Garry Haylock

Personal information
- Full name: Garry Andrew Haylock
- Date of birth: 31 December 1970 (age 55)
- Place of birth: Bradford, England
- Position: Striker

Senior career*
- Years: Team / Apps / (Gls)
- 1989–1992: Huddersfield Town / 13 / (4)
- 1990: → Shelbourne (loan) / 25 / (18)
- 1991–1993: Shelbourne / 54 / (26)
- 1993–1995: Linfield / 60 / (36)
- 1995–1998: Portadown / 89 / (44)
- 1998–1999: Panionios / 27 / (6)
- 1999–2002: Shelbourne / 23 / (4)
- 2000: → Glenavon (loan) / 7 / (5)
- 2000: → Colchester United (loan) / 0 / (0)
- 2000–2001: → Glenavon (loan) / 21 / (11)
- 2001: → Glentoran (loan) / 14 / (7)
- 2002–2004: Dundalk / 32 / (18)
- 2003: → Ards (loan) / 15 / (1)
- 2003: → Shamrock Rovers (loan) / 6 / (2)
- 2004: Basingstoke Town / 4 / (0)
- 2005: Sutton United
- 2005: Team Bath
- 2005: Walton & Hersham / 15 / (1)
- 2006: Cove
- 2007: Yeading / 1 / (0)

Managerial career
- 2006–2007: Yeading
- 2007–2011: Hayes & Yeading United
- 2011: Farnborough
- 2012: Bedfont Town
- 2015–2016: Hayes & Yeading United
- 2017: Bedfont & Feltham
- 2017–2022: King Edward's School, Witley 3rd XI
- 2022–2023: Binfield
- 2024: Windsor
- 2024: Beaconsfield Town

= Garry Haylock =

English footballer (born 1970)

Garry Andrew Haylock (born 31 December 1970) is an English former professional footballer. He was most recently manager of Beaconsfield Town. Gary is considered a quintessential "Journeyman" of professional football.

==Playing career==
Haylock played for Huddersfield Town, Shelbourne, Linfield, Portadown, Panionios, Glenavon, Glentoran, Dundalk, Ards and Shamrock Rovers.

He made his League of Ireland debut on 14 January 1990, on loan from Huddersfield, and in his second game scored a hat trick.

In 1999 playing for Panionios under Ronnie Whelan he was part of the team that reached the quarter-final of the UEFA Cup Winners' Cup.

He made 30 appearances in European competition for Irish clubs, scoring in the European Cup twice. He made a scoring debut at Glentoran, Dundalk and Shamrock Rovers. He never started a game for Rovers but scored twice from six substitute appearances.

He scored the two goals for Dundalk in their FAI Cup triumph in 2002. This was his fifth Cup medal in Ireland.

==Managerial career==
Haylock was appointed as the first manager of Hayes & Yeading United in May 2007, having previously held the post with Yeading FC from December 2006. He received the Manager of the Month Award from the Conference South for September 2008 when his team topped the Division, and again for March 2009 after another winning run as he led the club to the league play-offs and promotion to the Conference National.

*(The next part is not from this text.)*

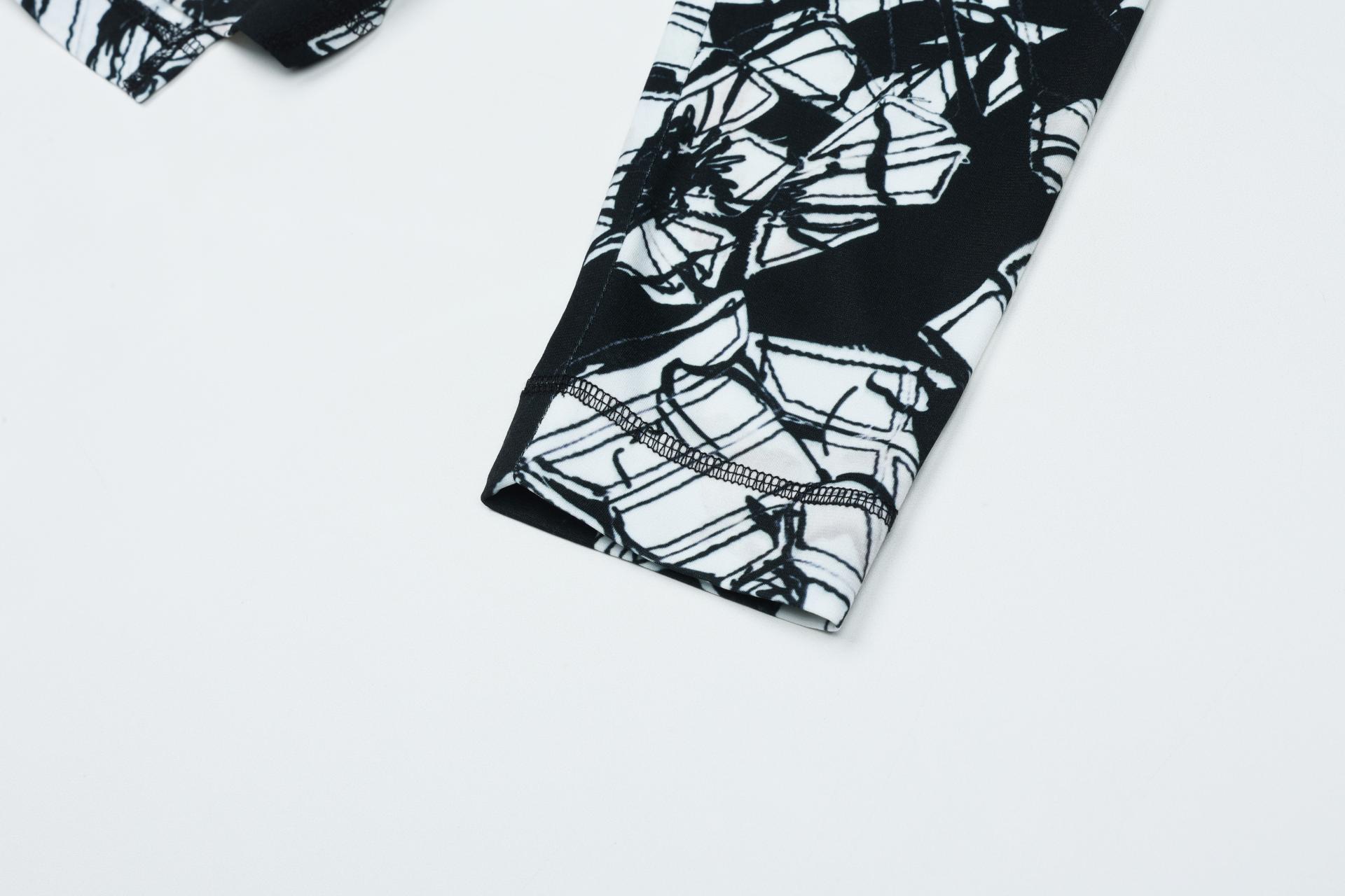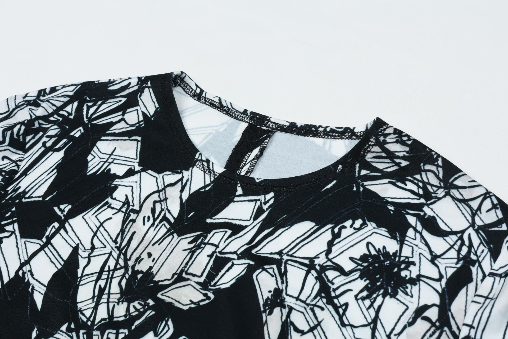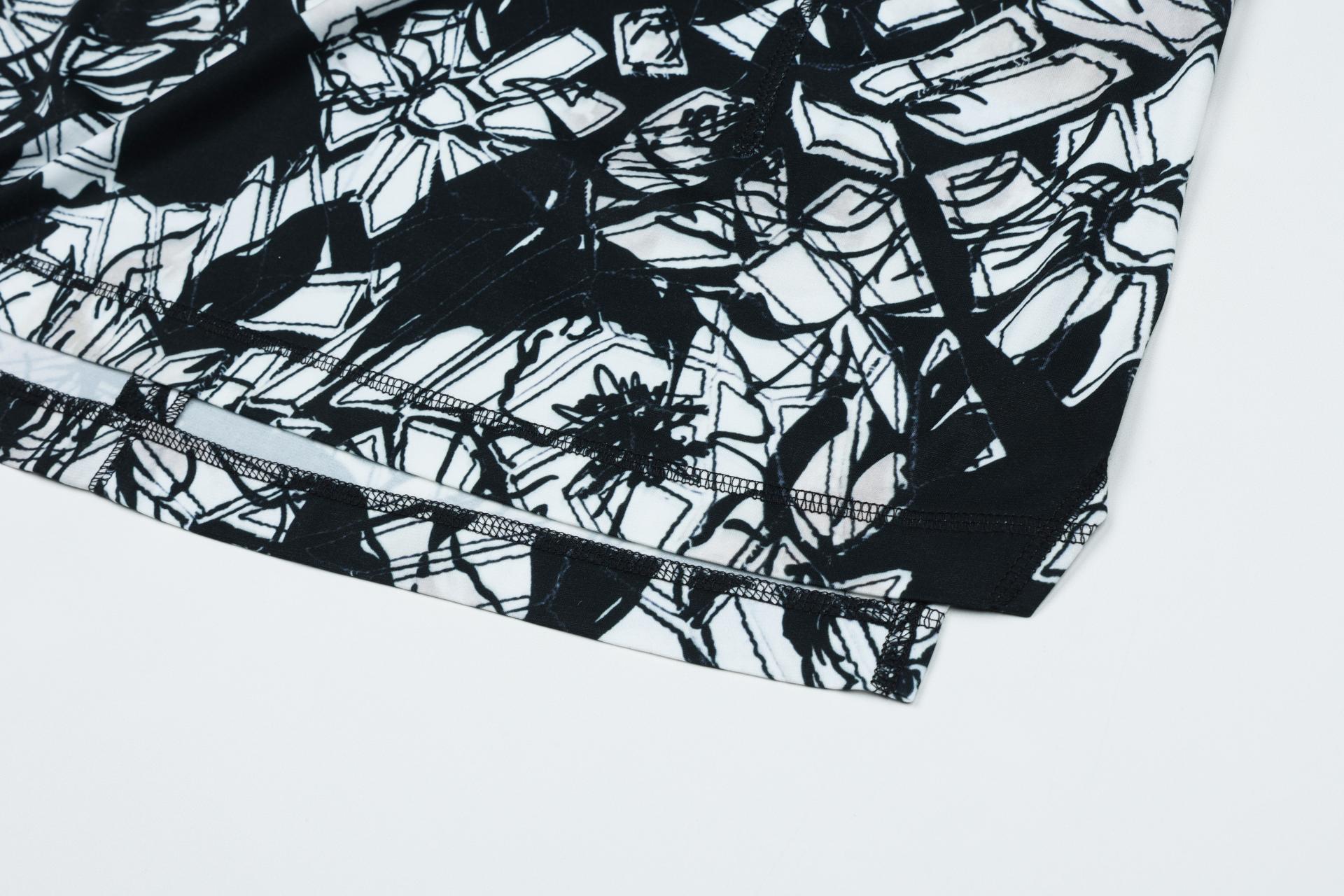 보온성있는 백기모된 폴리스판 져지바닥의 추상적인 변형 플라워 패턴의 프린트물 티셔츠입니다.

Haylock resigned from his post as manager of Hayes & Yeading United on 30 May 2011. A week later Farnborough unveiled Haylock and Gareth Hall as the new management team. Just five months later Haylock and his assistant were relieved of their duties at Farnborough after a string of poor performances, including an 8–2 hammering at the hands of Truro City.

He was appointed manager at Bedfont Town on 6 January 2012 but left the club in May 2012, standing down from his roles of manager and acting chairman.

Haylock then had a spell as first team coach & analyst at League Two side Exeter City, before accepting the opportunity to return to manage Hayes & Yeading United in October 2015. He left Hayes & Yeading again in April 2016. In April 2017 he was appointed manager of Bedfont & Feltham. He left the club in October the same year.

On 27 September 2022 he was announced as manager of Binfield. He left the club on the 18 December 2023 as the club was bottom of the league.

On 9 January 2024 he was announced as the manager of club Windsor. He was appointed manager of Beaconsfield Town in May, but he left the club in October.